• **What you will do**
Copy exactly the lines of the material below that fall between the line with "Однако 4 декабря" and the line with "焼肉・ホルモンの他に、馬刺もあるそうです。", both of those lines included; pictures stay out.

____ Records for the exercise

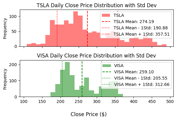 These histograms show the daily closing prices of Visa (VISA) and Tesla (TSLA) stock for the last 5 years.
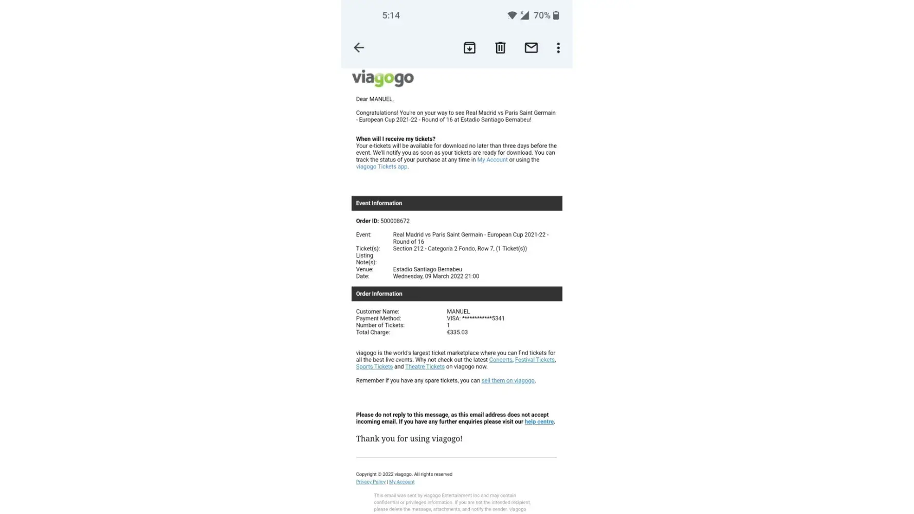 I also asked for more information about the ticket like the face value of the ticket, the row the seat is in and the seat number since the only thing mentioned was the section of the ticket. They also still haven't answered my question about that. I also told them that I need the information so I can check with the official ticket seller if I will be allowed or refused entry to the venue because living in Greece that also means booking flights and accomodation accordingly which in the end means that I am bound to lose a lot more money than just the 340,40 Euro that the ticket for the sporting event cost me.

________
____ Records for the exercise

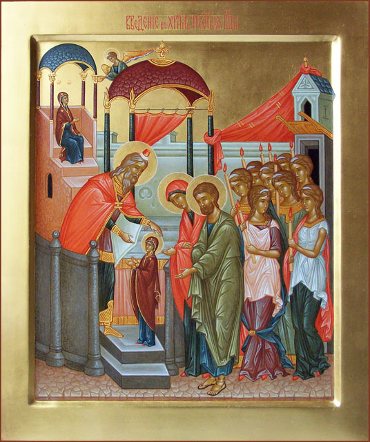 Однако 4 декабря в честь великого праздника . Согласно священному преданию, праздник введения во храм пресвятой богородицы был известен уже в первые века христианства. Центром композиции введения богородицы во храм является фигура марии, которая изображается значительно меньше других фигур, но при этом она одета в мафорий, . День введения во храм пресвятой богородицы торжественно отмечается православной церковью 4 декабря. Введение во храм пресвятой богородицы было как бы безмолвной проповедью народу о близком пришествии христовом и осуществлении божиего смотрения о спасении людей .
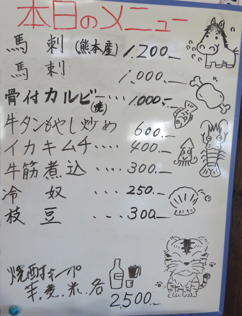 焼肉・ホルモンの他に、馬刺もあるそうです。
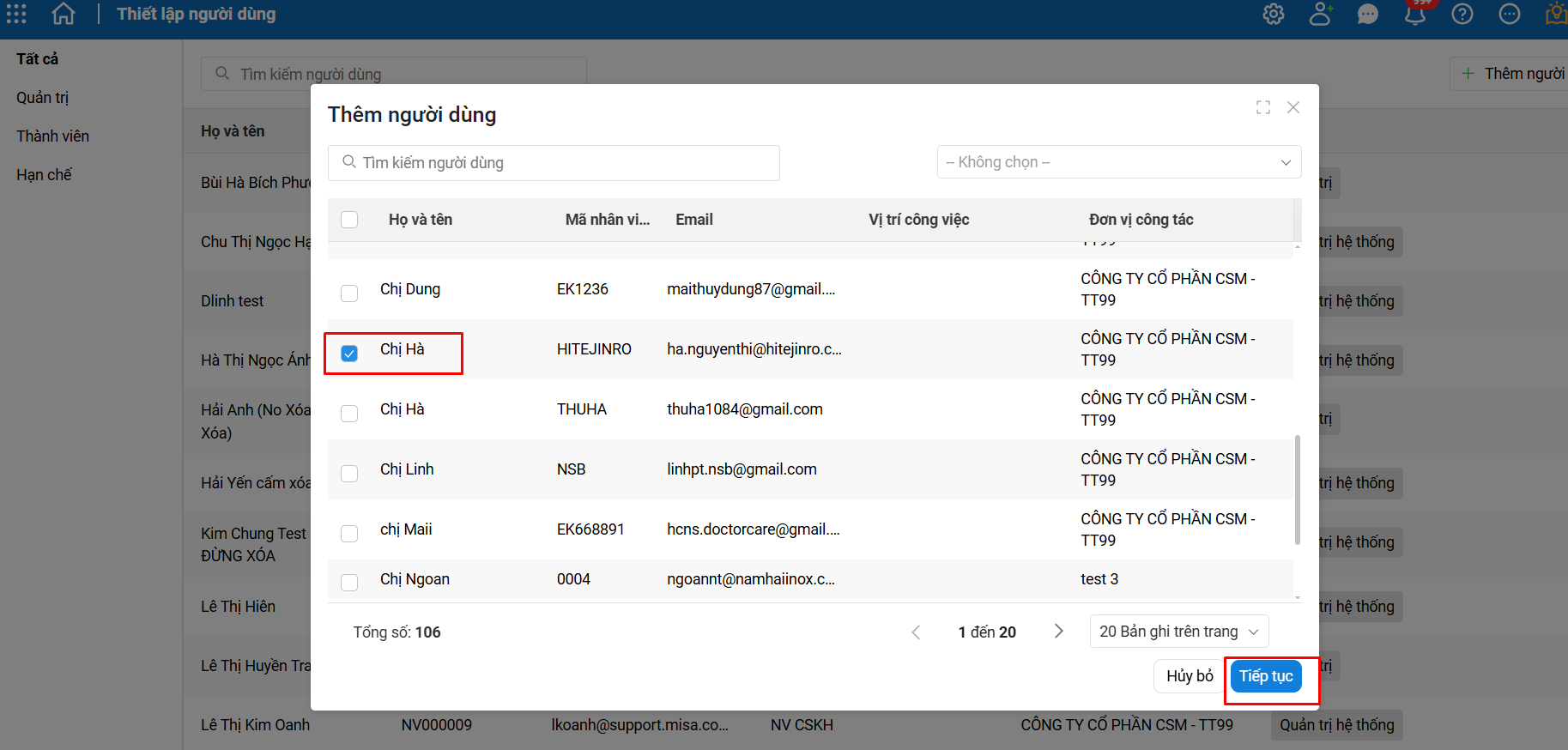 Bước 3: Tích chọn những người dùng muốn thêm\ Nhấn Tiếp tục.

________

• **Response below**
 Однако 4 декабря в честь великого праздника . Согласно священному преданию, праздник введения во храм пресвятой богородицы был известен уже в первые века христианства. Центром композиции введения богородицы во храм является фигура марии, которая изображается значительно меньше других фигур, но при этом она одета в мафорий, . День введения во храм пресвятой богородицы торжественно отмечается православной церковью 4 декабря. Введение во храм пресвятой богородицы было как бы безмолвной проповедью народу о близком пришествии христовом и осуществлении божиего смотрения о спасении людей .
 焼肉・ホルモンの他に、馬刺もあるそうです。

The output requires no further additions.